Is it really that screwed up on the back end of the curve?


External online marketing needs to tag web sites and calculate data.  So internal marketing has to get curious about what is going on.  Internal marketing is using analytics to track internal behavioral and CMS to maximize conversions.  A Director-level person who oversees these two units has to be gathering data from both groups and must begin to get curious about the relationships between the two – this would represent common sense intelligence.  If not, then stupid people are running a lot of marketing organizations.  Maybe that is a truth.  But I am meeting a lot of intelligent people.  I work on the front of the curve too … so maybe I work with smarter people … but I think our industry as a whole is comprised of people on the top and front-end of the curve.  I think that a lot of people struggle with these problems, but I also think that the technologies are in place or are being put in place to take maximize.  As always, time is the limited resource.

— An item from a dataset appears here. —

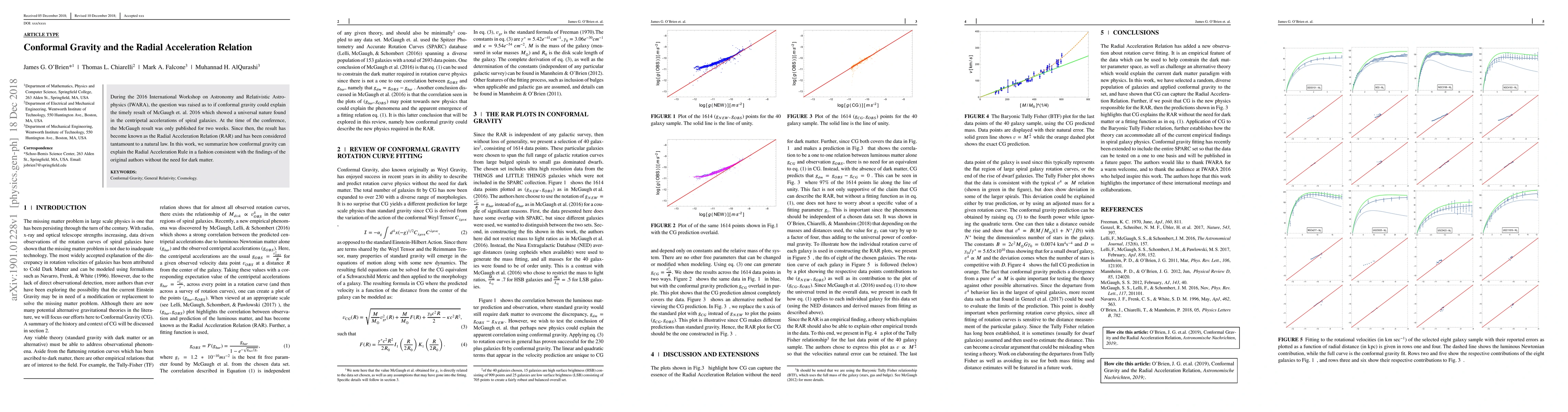 During the 2016 International Workshop on Astronomy and Relativistic Astrophysics (IWARA), the question was raised as to if conformal gravity could explain the timely result of McGaugh et. al. 2016 which showed a universal nature found in the centripetal accelerations of spiral galaxies. At the time of the conference, the McGaugh result was only published for two weeks. Since then, the result has become known as the Radial Acceleration Relation (RAR) and has been considered tantamount to a natural law. In this work, we summarize how conformal gravity can explain the Radial Acceleration Rule in a fashion consistent with the findings of the original authors without the need for dark matter.
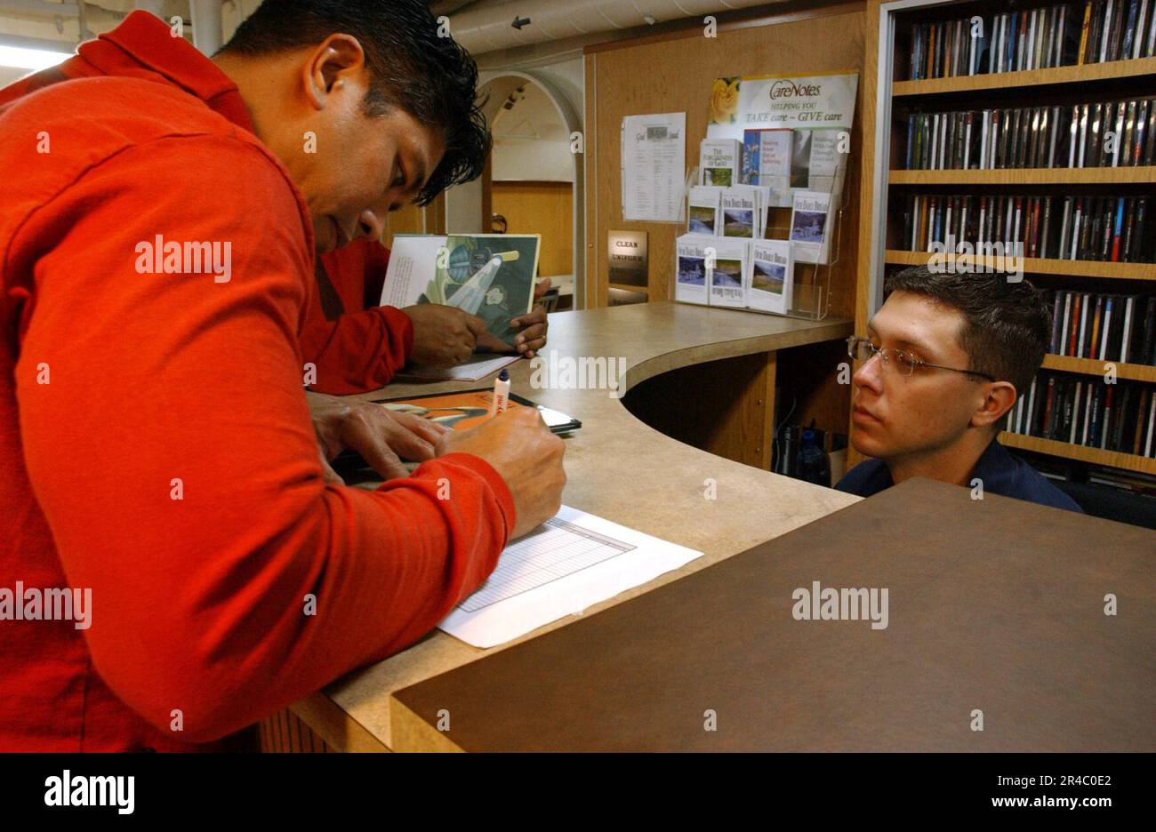 US Navy Master Chief Aviation Ordnanceman checks out a book from the

Anyway, placing these two efforts together is just common sense.  This is why behavioral targeting has become so popular.  This is why lead generation advertising is becoming so popular.  This is why landing-page A/B testing with companies like CoreMetrics is gaining so much attention.  None of these initiatives can happen without internal marketing being at least engaged.


First party ad serving requires the marriage of internal and external marketing.  Maybe that is part of what is so unique about where my projects have taken me.  I sit in meetings with people who know each other, and look at each other and we work together to figure out ownership.  eCRM or site-side analytics will set first party cookies for external marketing to target with the ad server.  Media Planning and buying will set strategy based on the customer profiles that internal marketing establishes.  Creative is built accordingly.  Ad serving targets new and existing customers in real-time.  Leads and prospects and existing customers are all driven back to the site(s).  Internal web site management receives users and pushes them into different directions based on cookie variables and eCRM records transactional patterns while site analytics records behavioral patterns and sets new cookies for future targeting.  New customer profiles are created and new segments are built for future re-targeting and the cycle continues.  With first party ad serving and the marriage of first party ad serving and site side analytics, you have the integration of internal and external marketing within an advertiser.  Everyone works together with a product like DirectServe™ and WebSideStory.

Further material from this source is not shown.